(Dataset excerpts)

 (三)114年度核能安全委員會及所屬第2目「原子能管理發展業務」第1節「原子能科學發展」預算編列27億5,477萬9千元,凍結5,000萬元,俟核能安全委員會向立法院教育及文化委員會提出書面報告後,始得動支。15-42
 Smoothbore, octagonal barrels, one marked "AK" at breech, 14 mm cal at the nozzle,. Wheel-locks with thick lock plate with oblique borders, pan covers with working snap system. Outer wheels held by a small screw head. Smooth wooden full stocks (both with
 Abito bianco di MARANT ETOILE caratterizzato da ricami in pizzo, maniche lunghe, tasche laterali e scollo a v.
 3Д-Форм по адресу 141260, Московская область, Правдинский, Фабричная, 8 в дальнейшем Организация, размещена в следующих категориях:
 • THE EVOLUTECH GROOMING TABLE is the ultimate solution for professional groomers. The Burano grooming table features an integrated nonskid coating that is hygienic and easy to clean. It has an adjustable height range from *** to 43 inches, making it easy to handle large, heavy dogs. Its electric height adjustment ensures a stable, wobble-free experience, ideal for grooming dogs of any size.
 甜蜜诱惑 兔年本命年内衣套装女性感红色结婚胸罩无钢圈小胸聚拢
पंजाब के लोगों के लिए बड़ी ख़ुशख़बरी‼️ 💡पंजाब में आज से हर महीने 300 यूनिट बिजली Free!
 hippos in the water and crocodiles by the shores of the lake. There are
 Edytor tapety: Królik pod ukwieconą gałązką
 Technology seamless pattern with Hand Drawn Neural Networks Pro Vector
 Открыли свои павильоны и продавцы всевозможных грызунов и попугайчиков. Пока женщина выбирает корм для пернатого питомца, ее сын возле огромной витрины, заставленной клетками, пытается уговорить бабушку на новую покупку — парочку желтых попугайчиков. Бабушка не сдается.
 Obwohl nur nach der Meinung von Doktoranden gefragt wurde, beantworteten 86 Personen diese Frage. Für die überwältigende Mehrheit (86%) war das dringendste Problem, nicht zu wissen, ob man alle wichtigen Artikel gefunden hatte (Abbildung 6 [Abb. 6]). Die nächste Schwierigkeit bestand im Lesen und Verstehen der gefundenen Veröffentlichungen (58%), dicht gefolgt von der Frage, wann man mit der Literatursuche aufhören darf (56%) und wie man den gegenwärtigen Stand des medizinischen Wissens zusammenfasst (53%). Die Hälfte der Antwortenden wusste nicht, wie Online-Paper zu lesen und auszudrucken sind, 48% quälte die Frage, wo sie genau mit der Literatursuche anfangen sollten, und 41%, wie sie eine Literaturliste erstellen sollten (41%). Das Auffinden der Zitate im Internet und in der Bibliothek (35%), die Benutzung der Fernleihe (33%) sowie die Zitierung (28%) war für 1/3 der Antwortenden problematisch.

## Work request
Whenever a line of the data holds the string "with", pick that line out.

## Your solution
 Smoothbore, octagonal barrels, one marked "AK" at breech, 14 mm cal at the nozzle,. Wheel-locks with thick lock plate with oblique borders, pan covers with working snap system. Outer wheels held by a small screw head. Smooth wooden full stocks (both with
 Technology seamless pattern with Hand Drawn Neural Networks Pro Vector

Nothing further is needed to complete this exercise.